O comportamento anti-social nas crianças associou com a variação do gene e os factores de risco ambientais

Para crianças com desordem da hiperactividade do deficit de atenção (ADHD), possuir uma variação de um gene envolvido na sinalização do cérebro pode prever a susceptibilidade anti-social do comportamento e do aumento aos efeitos de um mais baixo peso ao nascimento, de acordo com um estudo na introdução de novembro dos ficheiros do psiquiatria geral.

Os processos biológicos jogam um papel chave na génese do comportamento anti-social com evidência específica da participação do cérebro e da contribuição de factores de risco ambientais genéticos e adiantados, incluindo factores pré-natais, de acordo com a informações gerais no artigo. Dado as relações entre deficits em uma região do cérebro chamou o cortical pré-frontal e o comportamento anti-social e entre o catechol O-methyltranferase (COMT) e funcionamento cortical pré-frontal da enzima, autores sugere que uma variação do gene de COMT possa ser associada com o comportamento anti-social.

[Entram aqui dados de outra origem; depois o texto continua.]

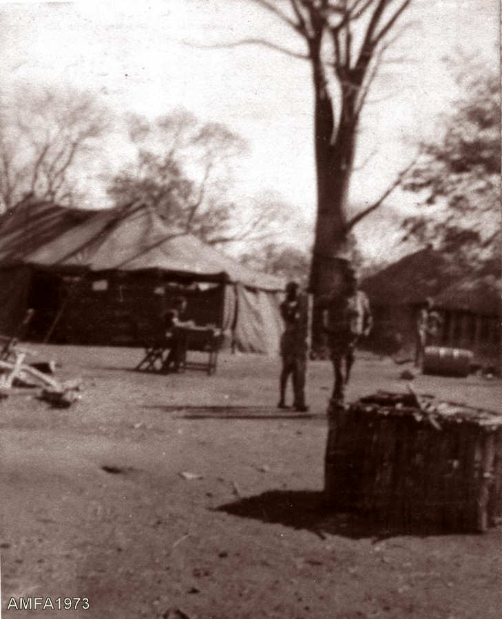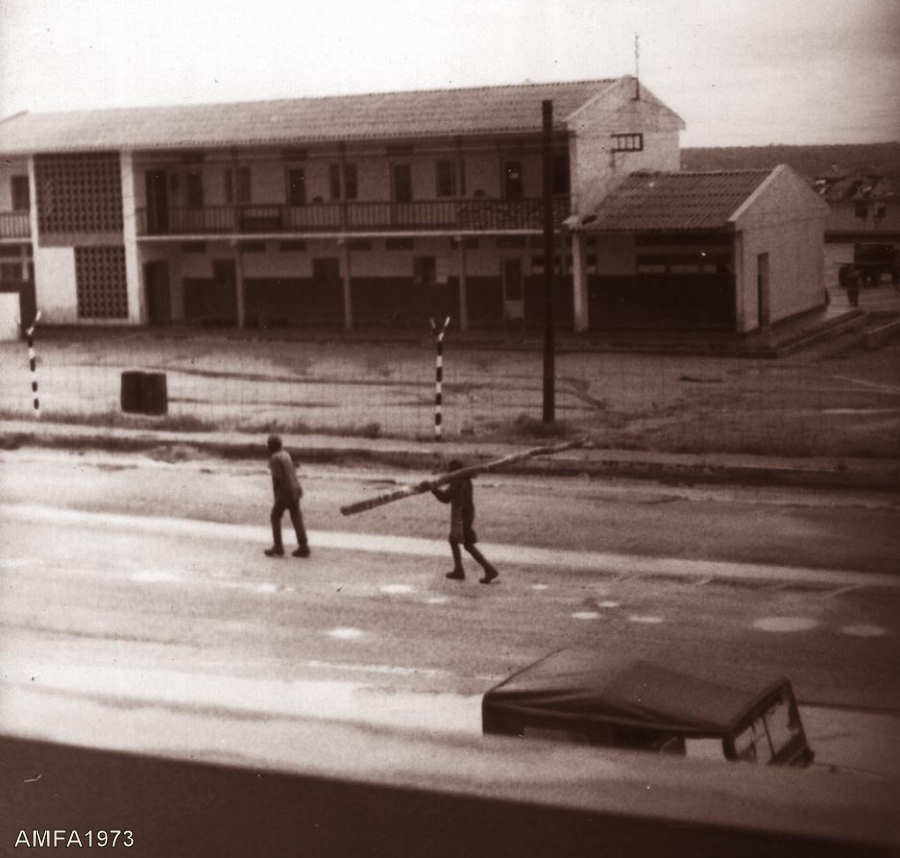 No ataque de Janeiro de 1974 houve vários edifícios destruídos parcialmente por foguetes 122 mm. Foi o caso desta palhota.

Anita Thapar, M.D., da universidade de Cardiff, Cardiff, Gales, e colegas procurou a presença de uma variação no gene de COMT em 240 crianças britânicas, envelhecido cinco a 14 anos com ADHD ou a desordem hyperkinetic que estão no risco elevado para o comportamento anti-social do cedo-início. Os pesquisadores usaram o peso ao nascimento das crianças como um marcador para o risco pré-natal para determinar a contribuição do ambiente ao risco de desenvolver sintomas do comportamento anti-social do cedo-início.

Os pesquisadores encontraram uma associação significativa entre a variação de COMT e o comportamento anti-social; e entre o baixo peso ao nascimento e o comportamento anti-social. Havia igualmente baixo peso ao nascimento) uma interacção significativa do gene e do ambiente (associada com o comportamento anti-social.

do “o comportamento anti-social Cedo-início em um grupo clínico de alto risco é previsto por uma variação específica do gene de COMT ligada previamente com a função cortical pré-frontal e o peso ao nascimento, e aqueles que possuem o genótipo de val/val são mais suscetíveis aos efeitos adversos do risco pré-natal como posicionado por um mais baixo peso ao nascimento,” os autores concluem.